Mining firms across the globe could be at risk of losing valuable exploration and operating licences unless they step up their efforts to award work to suppliers in the locality of contracts.
Increasingly, multinationals are shifting their focus towards opportunities in emerging markets as a source of revenue to counter the drop in commodity prices.
Yet in a market survey, less than half (45%) of large buying organizations in the Mining industry said they would be making an extra effort this year to use local suppliers in contracts.
It could mean they risk getting caught out by a raft of new Local Content Development rules, unless they take steps now to upgrade their approach to procurement and managing information about suppliers.
Governments around the world – including in Africa, the Middle East, Australia and South America, have introduced local content development policies that require mining companies to ‘give back’ to local communities via employing and training local people, or investing in infrastructure. This includes the recently updated Broad-Based Black Economic Empowerment (B-BBEE) Act in South Africa includes a requirement to report on the number of black and women-owned SMEs within supply chains.

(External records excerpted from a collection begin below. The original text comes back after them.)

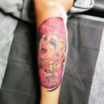 Tetování z filmů a pohádek, portrét a postavička Harley Quinn na lýtku
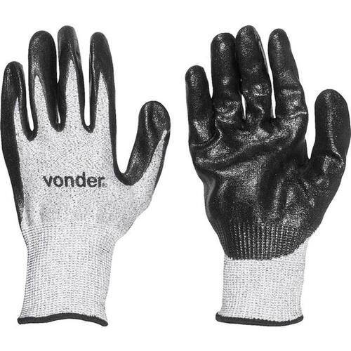 Luva Poliester/fibra De Vidro Resistente à Corte - Vonder Conteúdo da embalagem 1 Par de luvas Aplicações e dicas de uso Indicada para proteção das mãos no manuseio de peças cortantes ou com rebarbas, manutenções industriais, indústria metal-mecânica, indústria de vidros e trabalhos que exijam aderência com excelente tato e proteção contra cortes Destaques e diferenciais Tricotada em fios de polietileno de alta densidade e fibra de vidro, revestida em látex nitrílico na palma, na face palmar dos dedos e nas pontas dos dedos, além de punho em elastano e poliéster com acabamento overloque. Em conformidade com a norma EN 388. DETALHES TÉCNICOS
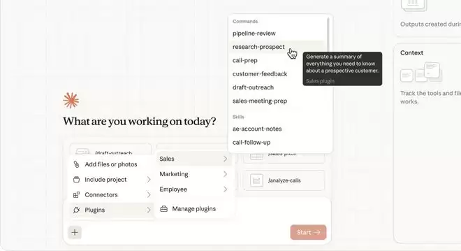 以「销售插件」为例:它可以将Claude接入个人CRM和知识库,学习销售流程。

Firms which fail to comply can be hit by various penalties, including licences being revoked, fines, or commercial restrictions.

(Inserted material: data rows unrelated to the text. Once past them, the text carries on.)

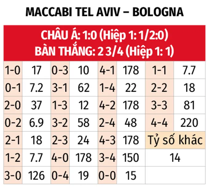 - Tổng bàn thắng lẻ: 4/5 trận gần đây của Maccabi Tel Aviv kết thúc với tổng số bàn thắng là số lẻ. Kịch bản này cũng xuất hiện ở 3/4 trận vừa qua của Bologna.
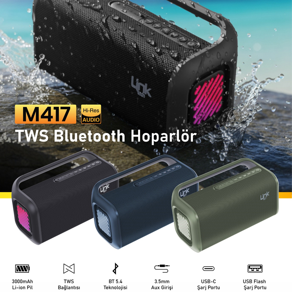 LinkTech M416 Premium IPX5 Sertifikalı Işıklı Bluetooth Hoparlör Ürüne Genel Bakış Linktech M416, ..
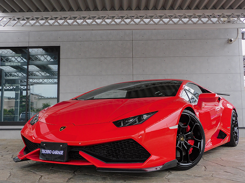 ランボルギーニウラカン LP610-4 フロントリフター カーボンエンジンベイ ガラスエンジンフード カーボンFスポイラー カーボンリヤウイング・LEAP DESIGN パワークラフト製可変バルブマフラー レッドブレーキキャリパー ブラックレザーシート フル電動パワーシート シートヒーター ブランディングパッケージ 前後パーキングセンサー バックカメラ 純正ナビ

The changes have put greater onus on operators to gather accurate data on their supplier base because across all regions, operators must prove they are using a specified percentage of local labour on contracts. This should be supported by other mandatory information such as company name and address, right through to product and service capabilities and compliance.

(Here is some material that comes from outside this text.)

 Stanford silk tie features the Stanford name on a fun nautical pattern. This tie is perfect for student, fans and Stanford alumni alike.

Yet despite the growing need for data and information about the supply chain, 45% of survey respondents admitted in the same market survey that they are not confident that their data on suppliers of all sizes is accurate.
The market survey was carried out by independent research consultancy IFF, which conducted telephone interviews with 300 procurement professionals from large businesses across the UK, U.S., Brazil, Spain and The Nordics. This included 64 large firms in mining, oil and gas.
It was commissioned by Achilles – a global supplier information company, which works on behalf of more than 40 multinational mining firms to manage information about more than 6,000 suppliers – also ensuring they meet critical standards in compliance and CSR before they are considered for work. Achilles manages Regic – a supplier information community for Latin America and South Europe. It also runs the Oyu Tolgoi SQMS – used by major buying organisations in Hong Kong to manage supplier information, foster local content and deliver ethical and transparent procurement processes.
Gareth Palmer, Achilles Regional Director for the Middle East and Africa, said: “New legislation on Local Content Development is not a ‘nice to have;’ it’s the law.
“Yet this survey showed that some Mining companies face a real challenge in complying, because their supplier information is patchy. Without clear and accurate data on their suppliers, an operator would not be able to distinguish which contractors meet Local Content Development requirements.
“With growing pressure from governments and investors, businesses need to put in place fair and transparent systems for assessing and selecting small and local suppliers.”
There is no doubt it would be a huge burden for any Mining company to start from scratch in terms of adhering to local content development needs.
Gareth added: “In our experience the easiest way for Mining companies to comply with Local Content Development rules is to form communities – working collaboratively to collect non-confidential pre-qualification information from suppliers in all geographies. This enables them to access a ‘pool’ of credible and reputable suppliers, while adhering to local content requirements – wherever in the world they are operating.”